**Exercise**
Take the line that contains "橘品化橘红罗汉果薄荷润清橘梨膏糖200克/罐 3罐装" and each one after it through the last line below, and retype them exactly. Leave out the pictures.

**Data extract**
##########

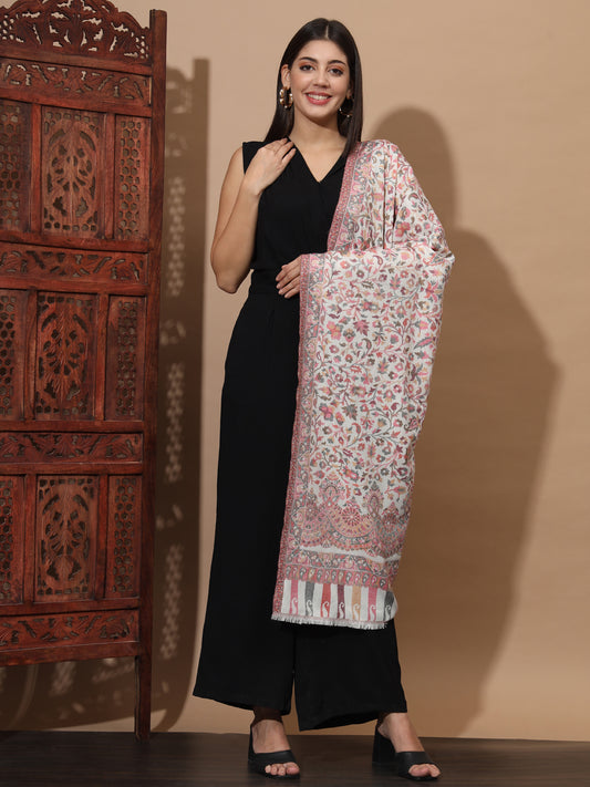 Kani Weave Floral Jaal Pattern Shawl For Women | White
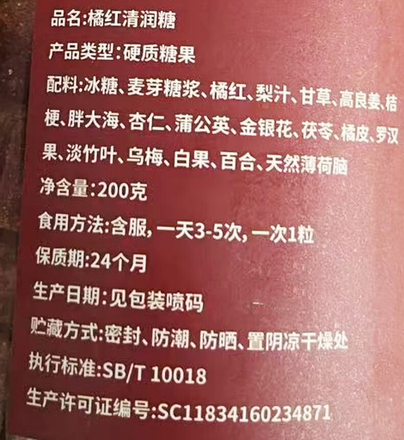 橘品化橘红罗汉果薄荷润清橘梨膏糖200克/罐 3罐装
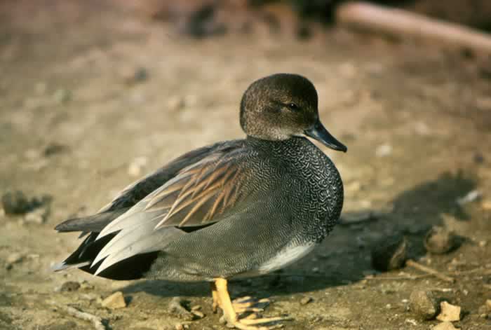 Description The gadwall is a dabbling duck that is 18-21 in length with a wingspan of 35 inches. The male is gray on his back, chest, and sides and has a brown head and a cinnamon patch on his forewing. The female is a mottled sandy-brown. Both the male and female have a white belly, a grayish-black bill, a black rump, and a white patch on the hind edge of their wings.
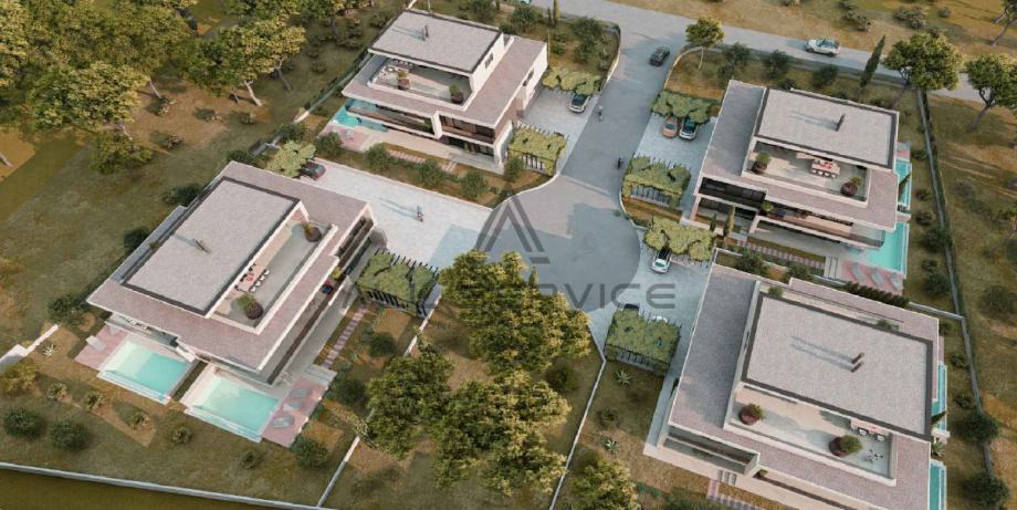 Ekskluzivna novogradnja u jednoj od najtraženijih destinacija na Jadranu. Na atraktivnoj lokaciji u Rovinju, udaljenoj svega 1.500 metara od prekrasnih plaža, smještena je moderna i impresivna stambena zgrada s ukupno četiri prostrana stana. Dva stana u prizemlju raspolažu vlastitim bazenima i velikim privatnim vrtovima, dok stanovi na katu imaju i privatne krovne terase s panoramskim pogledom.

##########

**Exercise answer**
 橘品化橘红罗汉果薄荷润清橘梨膏糖200克/罐 3罐装
 Description The gadwall is a dabbling duck that is 18-21 in length with a wingspan of 35 inches. The male is gray on his back, chest, and sides and has a brown head and a cinnamon patch on his forewing. The female is a mottled sandy-brown. Both the male and female have a white belly, a grayish-black bill, a black rump, and a white patch on the hind edge of their wings.
 Ekskluzivna novogradnja u jednoj od najtraženijih destinacija na Jadranu. Na atraktivnoj lokaciji u Rovinju, udaljenoj svega 1.500 metara od prekrasnih plaža, smještena je moderna i impresivna stambena zgrada s ukupno četiri prostrana stana. Dva stana u prizemlju raspolažu vlastitim bazenima i velikim privatnim vrtovima, dok stanovi na katu imaju i privatne krovne terase s panoramskim pogledom.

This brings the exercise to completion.